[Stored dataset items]
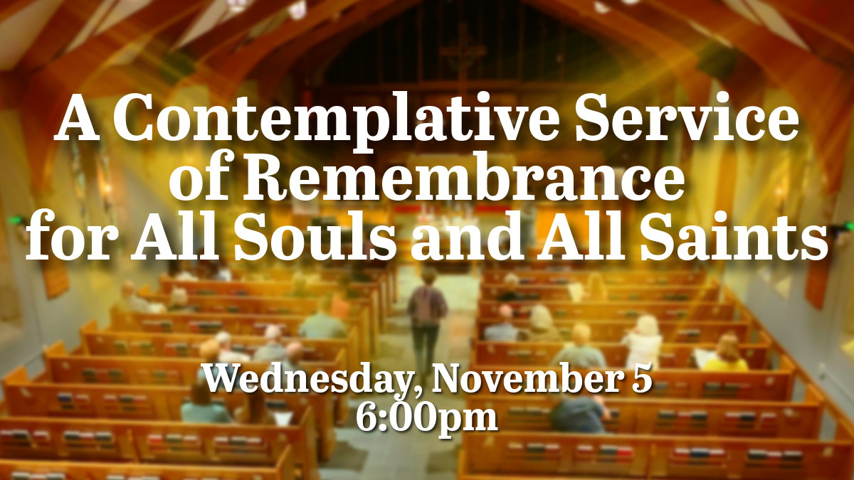 A Contemplative Service of Remembrance for All Souls and All Saints Wednesday, November 5, 2025 6:00pm Choirs in the All Saints Choir School help present music in this contemplative service. Through prayer and silence, light, and music we remember and celebrate the lives of those who have died. At the service, you may bring a photo of your loved one for the altar and/or light a candle for them. You may also submit the name of your loved one to be read in the service. To submit a name the week before the service, email office@allsaintsbhm.org
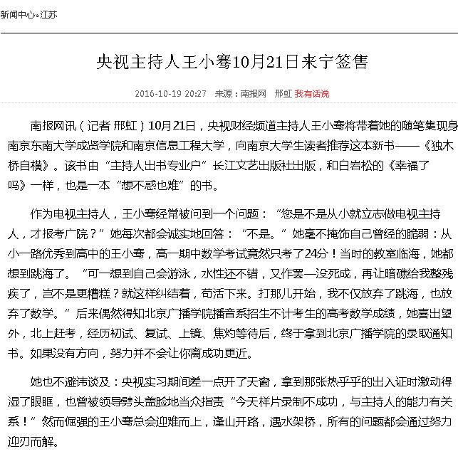 【南报网】央视主持人王小骞10月21日来宁签售
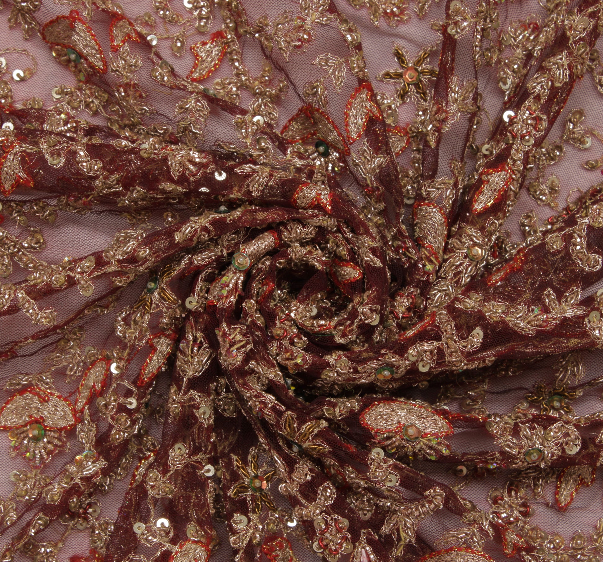 Wrap yourself in the artistry of this beautiful Maroon Floral Dupatta, Scarf, Indian Long Stole, Veil, or Hijab, a timeless addition to your wardrobe. Made from premium Net Mesh, this piece features intricate Hand Beaded Zardozi Work, Sequins Work & Zari Embroidered work, adding a touch of traditional charm to any outfit. The Maroon base beautifully complements the delicate Floral detailing, creating a truly timeless accessory.
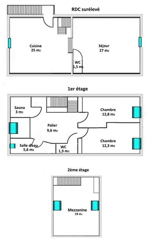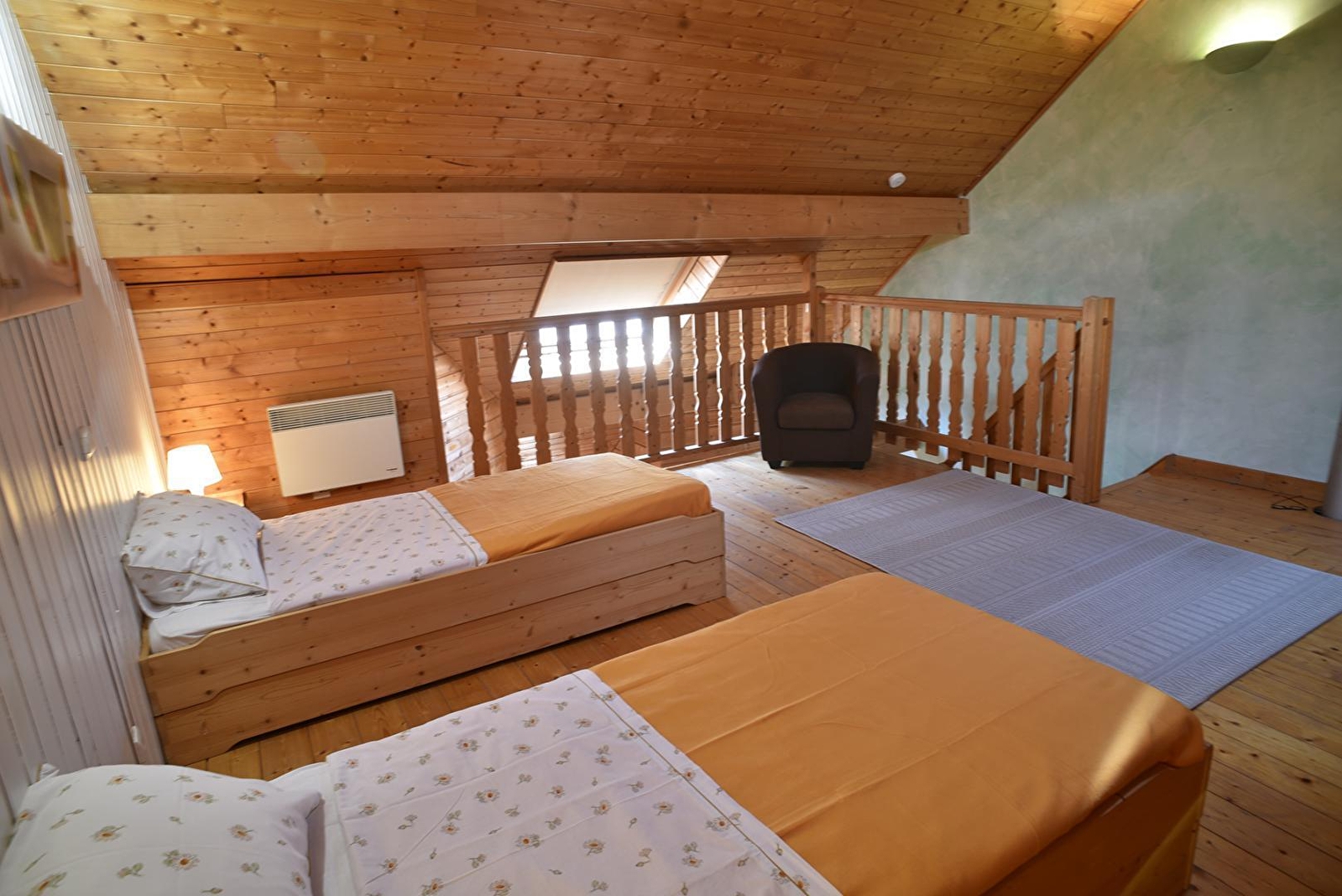 Upstairs are 2 bedrooms, each with a 140x190 bed. On the same level is the shower room and a traditional 4-seater sauna.
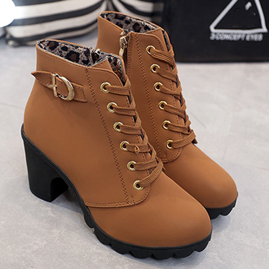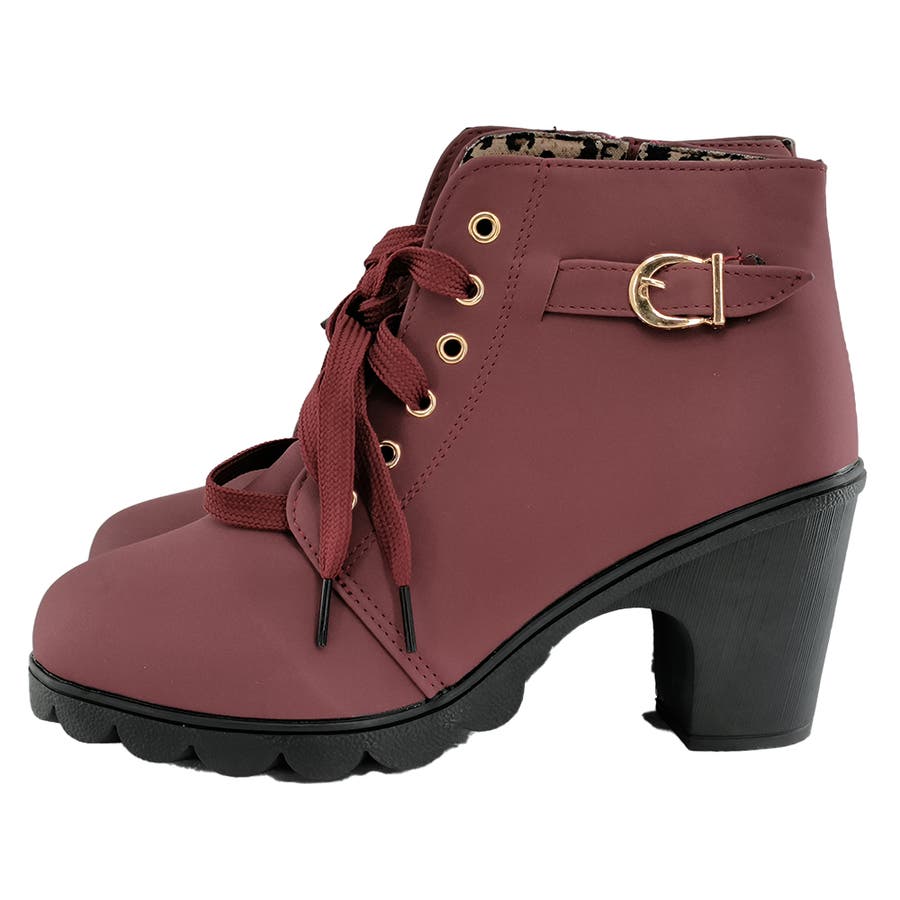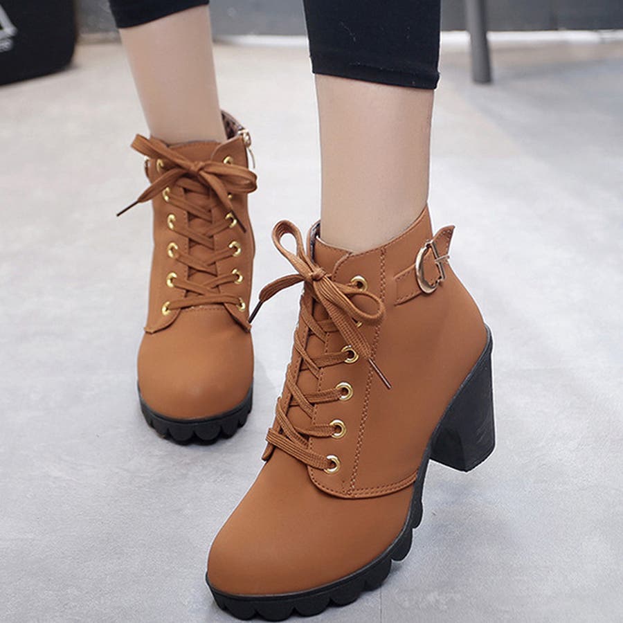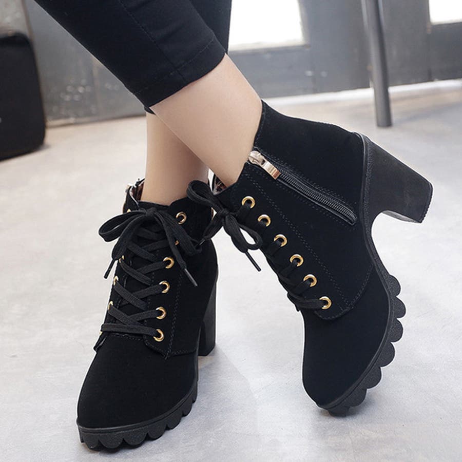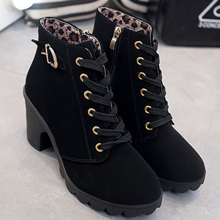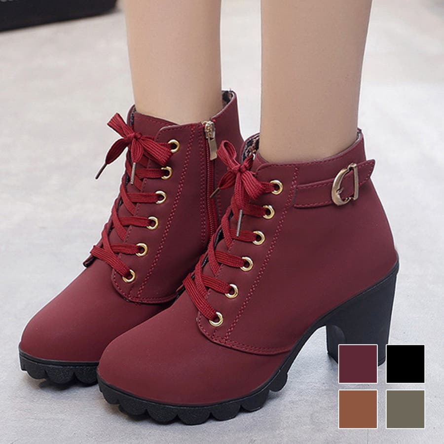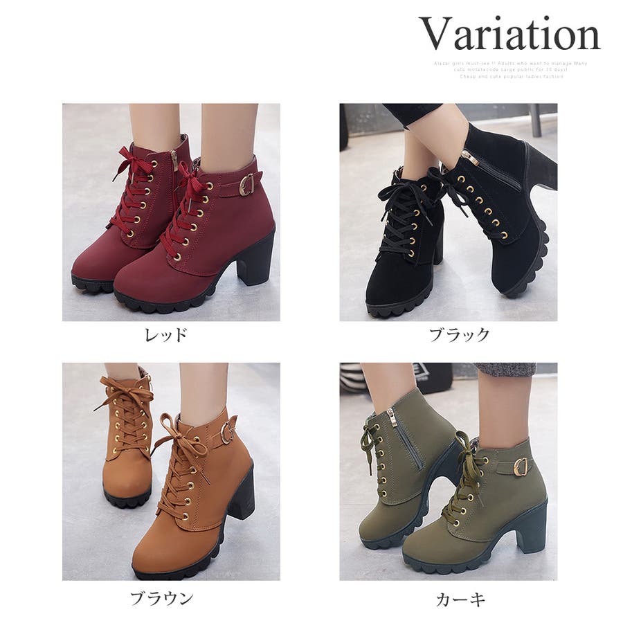 ・安定感抜群の太めヒールが特徴の編み上げショートブーツ。

Required work: All of the records above should be reproduced exactly, with the pictures left out.

Exercise result:
 A Contemplative Service of Remembrance for All Souls and All Saints Wednesday, November 5, 2025 6:00pm Choirs in the All Saints Choir School help present music in this contemplative service. Through prayer and silence, light, and music we remember and celebrate the lives of those who have died. At the service, you may bring a photo of your loved one for the altar and/or light a candle for them. You may also submit the name of your loved one to be read in the service. To submit a name the week before the service, email office@allsaintsbhm.org
 【南报网】央视主持人王小骞10月21日来宁签售
 Wrap yourself in the artistry of this beautiful Maroon Floral Dupatta, Scarf, Indian Long Stole, Veil, or Hijab, a timeless addition to your wardrobe. Made from premium Net Mesh, this piece features intricate Hand Beaded Zardozi Work, Sequins Work & Zari Embroidered work, adding a touch of traditional charm to any outfit. The Maroon base beautifully complements the delicate Floral detailing, creating a truly timeless accessory.
 Upstairs are 2 bedrooms, each with a 140x190 bed. On the same level is the shower room and a traditional 4-seater sauna.
 ・安定感抜群の太めヒールが特徴の編み上げショートブーツ。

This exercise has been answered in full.